* SOURCE DATA *
>>>
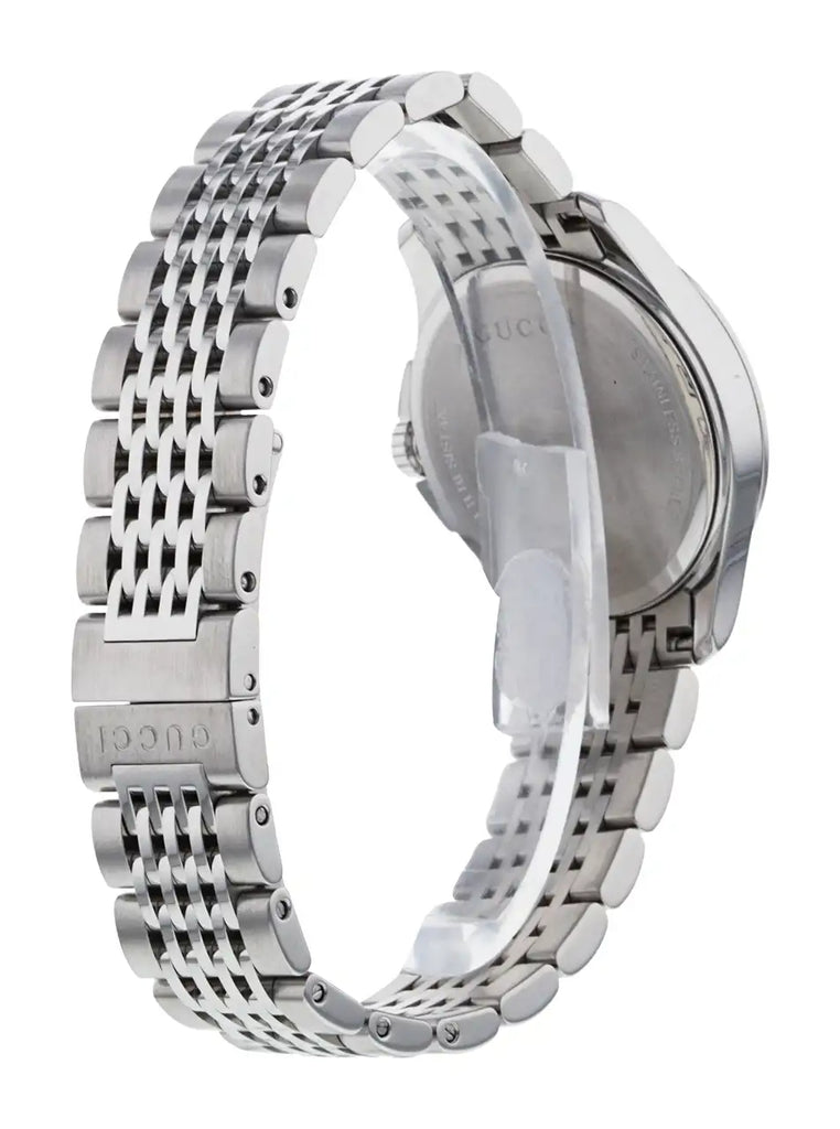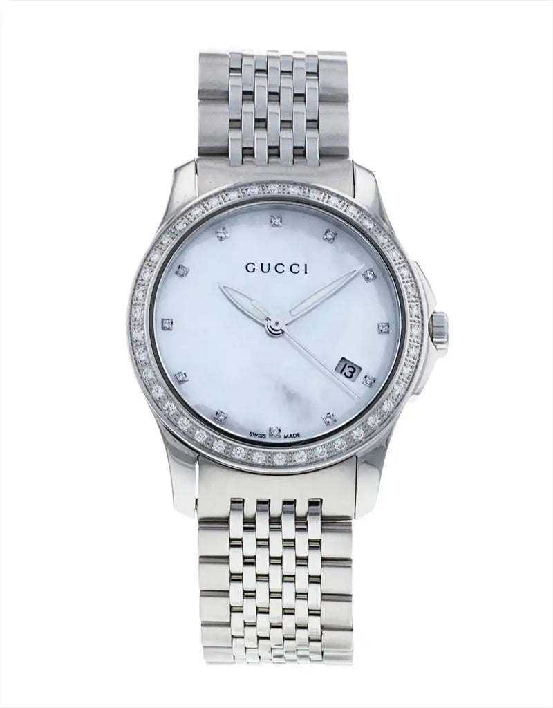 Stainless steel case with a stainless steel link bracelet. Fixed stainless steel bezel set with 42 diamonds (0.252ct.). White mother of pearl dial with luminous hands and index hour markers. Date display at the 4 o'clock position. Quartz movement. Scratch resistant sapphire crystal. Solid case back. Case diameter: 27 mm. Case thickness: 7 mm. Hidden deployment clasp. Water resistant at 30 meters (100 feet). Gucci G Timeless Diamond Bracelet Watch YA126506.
<<<
>>>
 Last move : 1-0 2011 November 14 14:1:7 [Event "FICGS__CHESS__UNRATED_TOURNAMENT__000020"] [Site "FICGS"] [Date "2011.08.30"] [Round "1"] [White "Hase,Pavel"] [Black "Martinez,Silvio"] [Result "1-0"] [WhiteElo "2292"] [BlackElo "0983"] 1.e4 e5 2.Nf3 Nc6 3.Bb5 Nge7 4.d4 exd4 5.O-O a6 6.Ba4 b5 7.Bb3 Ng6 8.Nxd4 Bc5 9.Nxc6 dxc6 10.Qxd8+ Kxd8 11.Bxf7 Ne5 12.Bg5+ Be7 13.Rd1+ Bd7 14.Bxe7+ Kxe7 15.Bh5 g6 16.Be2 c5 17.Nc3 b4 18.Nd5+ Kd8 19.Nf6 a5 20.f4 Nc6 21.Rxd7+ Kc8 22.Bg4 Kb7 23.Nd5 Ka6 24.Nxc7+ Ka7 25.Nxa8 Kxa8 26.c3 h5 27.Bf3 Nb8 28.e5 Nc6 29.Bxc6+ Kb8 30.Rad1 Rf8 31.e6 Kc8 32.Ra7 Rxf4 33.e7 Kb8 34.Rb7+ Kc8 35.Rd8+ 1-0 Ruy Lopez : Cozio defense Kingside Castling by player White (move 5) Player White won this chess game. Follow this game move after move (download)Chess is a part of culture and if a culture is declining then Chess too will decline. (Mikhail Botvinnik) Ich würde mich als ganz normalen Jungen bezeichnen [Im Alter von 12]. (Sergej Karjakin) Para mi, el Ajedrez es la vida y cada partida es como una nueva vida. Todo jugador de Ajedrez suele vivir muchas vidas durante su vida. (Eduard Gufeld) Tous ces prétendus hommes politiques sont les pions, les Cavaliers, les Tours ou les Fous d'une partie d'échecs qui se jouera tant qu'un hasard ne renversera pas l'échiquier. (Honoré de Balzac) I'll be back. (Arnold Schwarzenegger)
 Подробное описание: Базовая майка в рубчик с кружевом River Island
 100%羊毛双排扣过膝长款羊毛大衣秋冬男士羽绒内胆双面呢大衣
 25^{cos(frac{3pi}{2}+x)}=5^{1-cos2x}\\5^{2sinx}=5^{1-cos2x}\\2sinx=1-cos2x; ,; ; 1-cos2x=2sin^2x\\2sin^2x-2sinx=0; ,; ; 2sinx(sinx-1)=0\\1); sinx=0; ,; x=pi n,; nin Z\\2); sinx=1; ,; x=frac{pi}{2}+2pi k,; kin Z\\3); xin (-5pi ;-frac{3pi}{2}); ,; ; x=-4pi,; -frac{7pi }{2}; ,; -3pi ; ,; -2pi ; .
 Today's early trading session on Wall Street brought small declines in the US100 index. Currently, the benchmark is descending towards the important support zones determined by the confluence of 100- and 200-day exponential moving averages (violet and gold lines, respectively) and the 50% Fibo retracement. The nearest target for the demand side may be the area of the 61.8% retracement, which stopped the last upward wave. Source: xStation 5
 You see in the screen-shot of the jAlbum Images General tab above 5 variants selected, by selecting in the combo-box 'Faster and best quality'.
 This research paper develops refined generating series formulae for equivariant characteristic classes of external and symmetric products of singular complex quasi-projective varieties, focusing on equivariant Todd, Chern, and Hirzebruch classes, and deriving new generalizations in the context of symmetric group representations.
<<<
>>>
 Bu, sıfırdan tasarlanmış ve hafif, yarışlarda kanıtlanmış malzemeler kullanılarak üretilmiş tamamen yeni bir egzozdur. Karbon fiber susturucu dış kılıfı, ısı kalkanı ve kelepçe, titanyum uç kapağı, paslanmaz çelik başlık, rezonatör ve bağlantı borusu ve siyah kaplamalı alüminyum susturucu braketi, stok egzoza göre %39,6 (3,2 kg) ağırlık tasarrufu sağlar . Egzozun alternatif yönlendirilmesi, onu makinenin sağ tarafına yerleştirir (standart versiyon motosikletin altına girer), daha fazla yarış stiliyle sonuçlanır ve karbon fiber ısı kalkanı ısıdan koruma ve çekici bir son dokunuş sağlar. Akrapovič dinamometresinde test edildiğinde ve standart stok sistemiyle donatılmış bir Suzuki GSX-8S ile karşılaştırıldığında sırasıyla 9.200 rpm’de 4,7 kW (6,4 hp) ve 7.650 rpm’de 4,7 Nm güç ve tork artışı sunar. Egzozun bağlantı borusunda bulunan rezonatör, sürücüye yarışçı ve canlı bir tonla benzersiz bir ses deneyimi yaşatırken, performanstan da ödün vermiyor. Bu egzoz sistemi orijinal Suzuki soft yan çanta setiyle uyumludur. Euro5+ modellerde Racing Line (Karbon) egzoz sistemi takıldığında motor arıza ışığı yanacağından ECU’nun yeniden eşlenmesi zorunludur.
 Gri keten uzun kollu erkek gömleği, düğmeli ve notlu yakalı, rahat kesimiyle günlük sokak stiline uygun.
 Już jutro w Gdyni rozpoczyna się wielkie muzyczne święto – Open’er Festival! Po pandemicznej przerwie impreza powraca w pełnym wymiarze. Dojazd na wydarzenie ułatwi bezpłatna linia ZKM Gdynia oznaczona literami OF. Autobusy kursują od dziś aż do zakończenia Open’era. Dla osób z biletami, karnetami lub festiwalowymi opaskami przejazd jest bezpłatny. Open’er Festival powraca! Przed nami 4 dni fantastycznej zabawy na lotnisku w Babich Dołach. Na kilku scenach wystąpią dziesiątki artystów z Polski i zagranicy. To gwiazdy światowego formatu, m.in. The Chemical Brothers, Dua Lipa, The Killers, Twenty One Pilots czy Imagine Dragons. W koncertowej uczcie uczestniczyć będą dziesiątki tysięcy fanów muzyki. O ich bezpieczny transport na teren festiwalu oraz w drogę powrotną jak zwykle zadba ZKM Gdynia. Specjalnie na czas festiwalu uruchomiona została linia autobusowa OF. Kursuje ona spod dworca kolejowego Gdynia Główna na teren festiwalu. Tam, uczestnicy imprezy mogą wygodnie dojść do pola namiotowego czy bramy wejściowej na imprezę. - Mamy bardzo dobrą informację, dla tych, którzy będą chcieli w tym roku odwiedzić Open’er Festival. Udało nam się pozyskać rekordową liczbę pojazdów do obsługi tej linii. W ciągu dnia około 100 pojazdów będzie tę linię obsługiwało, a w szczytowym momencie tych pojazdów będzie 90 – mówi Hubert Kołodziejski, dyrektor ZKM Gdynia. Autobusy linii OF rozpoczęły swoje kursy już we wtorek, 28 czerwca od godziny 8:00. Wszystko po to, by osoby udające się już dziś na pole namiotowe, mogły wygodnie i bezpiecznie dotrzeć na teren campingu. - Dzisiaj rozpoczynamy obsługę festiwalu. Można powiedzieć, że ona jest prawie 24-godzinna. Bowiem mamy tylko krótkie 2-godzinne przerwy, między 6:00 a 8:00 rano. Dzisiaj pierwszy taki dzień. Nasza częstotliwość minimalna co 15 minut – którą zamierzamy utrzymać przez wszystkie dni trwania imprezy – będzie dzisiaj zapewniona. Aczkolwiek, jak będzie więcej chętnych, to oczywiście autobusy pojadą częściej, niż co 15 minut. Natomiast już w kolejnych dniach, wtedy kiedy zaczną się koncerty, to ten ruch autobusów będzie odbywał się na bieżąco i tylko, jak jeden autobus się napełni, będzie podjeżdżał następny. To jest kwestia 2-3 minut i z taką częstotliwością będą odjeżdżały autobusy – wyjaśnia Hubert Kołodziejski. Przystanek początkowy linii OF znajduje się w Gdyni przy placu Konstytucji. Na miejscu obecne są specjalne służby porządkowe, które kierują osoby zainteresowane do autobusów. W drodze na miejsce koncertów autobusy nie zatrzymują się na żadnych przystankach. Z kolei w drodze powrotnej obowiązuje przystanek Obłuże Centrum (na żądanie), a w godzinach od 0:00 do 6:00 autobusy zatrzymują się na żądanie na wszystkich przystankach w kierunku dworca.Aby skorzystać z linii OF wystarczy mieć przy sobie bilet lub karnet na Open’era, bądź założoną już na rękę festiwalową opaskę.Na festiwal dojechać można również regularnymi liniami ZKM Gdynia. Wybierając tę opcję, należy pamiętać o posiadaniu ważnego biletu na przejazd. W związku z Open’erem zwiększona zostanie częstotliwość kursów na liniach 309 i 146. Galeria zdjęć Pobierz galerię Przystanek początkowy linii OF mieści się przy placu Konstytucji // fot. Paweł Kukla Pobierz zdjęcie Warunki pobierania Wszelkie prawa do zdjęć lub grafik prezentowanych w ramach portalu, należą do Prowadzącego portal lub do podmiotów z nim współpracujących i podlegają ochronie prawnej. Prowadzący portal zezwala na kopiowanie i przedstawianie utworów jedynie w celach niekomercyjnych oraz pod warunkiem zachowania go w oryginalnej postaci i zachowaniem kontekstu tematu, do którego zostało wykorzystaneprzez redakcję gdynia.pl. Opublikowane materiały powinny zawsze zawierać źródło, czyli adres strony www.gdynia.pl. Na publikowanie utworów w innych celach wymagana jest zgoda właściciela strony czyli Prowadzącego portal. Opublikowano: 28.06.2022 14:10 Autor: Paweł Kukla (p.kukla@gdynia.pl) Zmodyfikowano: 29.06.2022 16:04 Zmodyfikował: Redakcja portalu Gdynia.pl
<<<
* PROMPT *
From the entries above, give again exactly the lines running from the line with "Подробное описание: Базовая" to the line with "This research paper"; include both of those lines.

* RESULT BELOW *
 Подробное описание: Базовая майка в рубчик с кружевом River Island
 100%羊毛双排扣过膝长款羊毛大衣秋冬男士羽绒内胆双面呢大衣
 25^{cos(frac{3pi}{2}+x)}=5^{1-cos2x}\\5^{2sinx}=5^{1-cos2x}\\2sinx=1-cos2x; ,; ; 1-cos2x=2sin^2x\\2sin^2x-2sinx=0; ,; ; 2sinx(sinx-1)=0\\1); sinx=0; ,; x=pi n,; nin Z\\2); sinx=1; ,; x=frac{pi}{2}+2pi k,; kin Z\\3); xin (-5pi ;-frac{3pi}{2}); ,; ; x=-4pi,; -frac{7pi }{2}; ,; -3pi ; ,; -2pi ; .
 Today's early trading session on Wall Street brought small declines in the US100 index. Currently, the benchmark is descending towards the important support zones determined by the confluence of 100- and 200-day exponential moving averages (violet and gold lines, respectively) and the 50% Fibo retracement. The nearest target for the demand side may be the area of the 61.8% retracement, which stopped the last upward wave. Source: xStation 5
 You see in the screen-shot of the jAlbum Images General tab above 5 variants selected, by selecting in the combo-box 'Faster and best quality'.
 This research paper develops refined generating series formulae for equivariant characteristic classes of external and symmetric products of singular complex quasi-projective varieties, focusing on equivariant Todd, Chern, and Hirzebruch classes, and deriving new generalizations in the context of symmetric group representations.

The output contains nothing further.